- DATASET ENTRIES

Content starts

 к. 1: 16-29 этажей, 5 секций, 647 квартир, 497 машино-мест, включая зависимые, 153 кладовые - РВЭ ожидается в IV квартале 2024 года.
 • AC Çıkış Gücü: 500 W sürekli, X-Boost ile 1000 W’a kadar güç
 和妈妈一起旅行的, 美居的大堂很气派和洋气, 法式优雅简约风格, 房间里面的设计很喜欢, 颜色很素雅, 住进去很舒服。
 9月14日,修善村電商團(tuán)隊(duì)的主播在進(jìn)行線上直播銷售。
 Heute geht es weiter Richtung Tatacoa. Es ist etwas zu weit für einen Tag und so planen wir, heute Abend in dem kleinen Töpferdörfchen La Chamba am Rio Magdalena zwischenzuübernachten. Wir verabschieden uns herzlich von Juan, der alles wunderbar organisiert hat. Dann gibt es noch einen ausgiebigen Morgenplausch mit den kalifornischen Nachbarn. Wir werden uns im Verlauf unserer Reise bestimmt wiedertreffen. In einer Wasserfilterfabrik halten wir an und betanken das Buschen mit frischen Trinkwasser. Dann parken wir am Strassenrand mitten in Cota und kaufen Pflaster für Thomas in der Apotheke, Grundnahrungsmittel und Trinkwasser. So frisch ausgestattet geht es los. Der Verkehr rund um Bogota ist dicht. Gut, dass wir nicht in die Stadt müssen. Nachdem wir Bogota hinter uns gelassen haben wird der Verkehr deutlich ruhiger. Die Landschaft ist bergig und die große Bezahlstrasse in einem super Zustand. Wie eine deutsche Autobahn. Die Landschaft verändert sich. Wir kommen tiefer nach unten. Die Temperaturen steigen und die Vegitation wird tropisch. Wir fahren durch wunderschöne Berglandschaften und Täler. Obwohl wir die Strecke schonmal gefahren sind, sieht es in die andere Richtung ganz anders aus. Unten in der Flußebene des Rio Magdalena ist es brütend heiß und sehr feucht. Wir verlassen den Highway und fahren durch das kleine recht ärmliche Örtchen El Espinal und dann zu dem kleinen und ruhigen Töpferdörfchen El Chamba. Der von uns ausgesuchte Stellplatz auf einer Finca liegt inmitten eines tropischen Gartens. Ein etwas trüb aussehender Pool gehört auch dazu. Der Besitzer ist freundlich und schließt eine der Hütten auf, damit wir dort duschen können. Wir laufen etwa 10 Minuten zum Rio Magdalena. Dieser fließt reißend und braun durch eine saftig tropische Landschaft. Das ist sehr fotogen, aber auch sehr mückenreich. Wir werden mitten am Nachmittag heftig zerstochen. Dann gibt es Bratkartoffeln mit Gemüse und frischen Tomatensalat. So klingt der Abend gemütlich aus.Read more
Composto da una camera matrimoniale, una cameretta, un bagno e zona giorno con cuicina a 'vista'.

Content ends

- ASSIGNMENT
An identical copy of the preceding records should be returned.

- RESULT FOR THIS TASK
 к. 1: 16-29 этажей, 5 секций, 647 квартир, 497 машино-мест, включая зависимые, 153 кладовые - РВЭ ожидается в IV квартале 2024 года.
 • AC Çıkış Gücü: 500 W sürekli, X-Boost ile 1000 W’a kadar güç
 和妈妈一起旅行的, 美居的大堂很气派和洋气, 法式优雅简约风格, 房间里面的设计很喜欢, 颜色很素雅, 住进去很舒服。
 9月14日,修善村電商團(tuán)隊(duì)的主播在進(jìn)行線上直播銷售。
 Heute geht es weiter Richtung Tatacoa. Es ist etwas zu weit für einen Tag und so planen wir, heute Abend in dem kleinen Töpferdörfchen La Chamba am Rio Magdalena zwischenzuübernachten. Wir verabschieden uns herzlich von Juan, der alles wunderbar organisiert hat. Dann gibt es noch einen ausgiebigen Morgenplausch mit den kalifornischen Nachbarn. Wir werden uns im Verlauf unserer Reise bestimmt wiedertreffen. In einer Wasserfilterfabrik halten wir an und betanken das Buschen mit frischen Trinkwasser. Dann parken wir am Strassenrand mitten in Cota und kaufen Pflaster für Thomas in der Apotheke, Grundnahrungsmittel und Trinkwasser. So frisch ausgestattet geht es los. Der Verkehr rund um Bogota ist dicht. Gut, dass wir nicht in die Stadt müssen. Nachdem wir Bogota hinter uns gelassen haben wird der Verkehr deutlich ruhiger. Die Landschaft ist bergig und die große Bezahlstrasse in einem super Zustand. Wie eine deutsche Autobahn. Die Landschaft verändert sich. Wir kommen tiefer nach unten. Die Temperaturen steigen und die Vegitation wird tropisch. Wir fahren durch wunderschöne Berglandschaften und Täler. Obwohl wir die Strecke schonmal gefahren sind, sieht es in die andere Richtung ganz anders aus. Unten in der Flußebene des Rio Magdalena ist es brütend heiß und sehr feucht. Wir verlassen den Highway und fahren durch das kleine recht ärmliche Örtchen El Espinal und dann zu dem kleinen und ruhigen Töpferdörfchen El Chamba. Der von uns ausgesuchte Stellplatz auf einer Finca liegt inmitten eines tropischen Gartens. Ein etwas trüb aussehender Pool gehört auch dazu. Der Besitzer ist freundlich und schließt eine der Hütten auf, damit wir dort duschen können. Wir laufen etwa 10 Minuten zum Rio Magdalena. Dieser fließt reißend und braun durch eine saftig tropische Landschaft. Das ist sehr fotogen, aber auch sehr mückenreich. Wir werden mitten am Nachmittag heftig zerstochen. Dann gibt es Bratkartoffeln mit Gemüse und frischen Tomatensalat. So klingt der Abend gemütlich aus.Read more
Composto da una camera matrimoniale, una cameretta, un bagno e zona giorno con cuicina a 'vista'.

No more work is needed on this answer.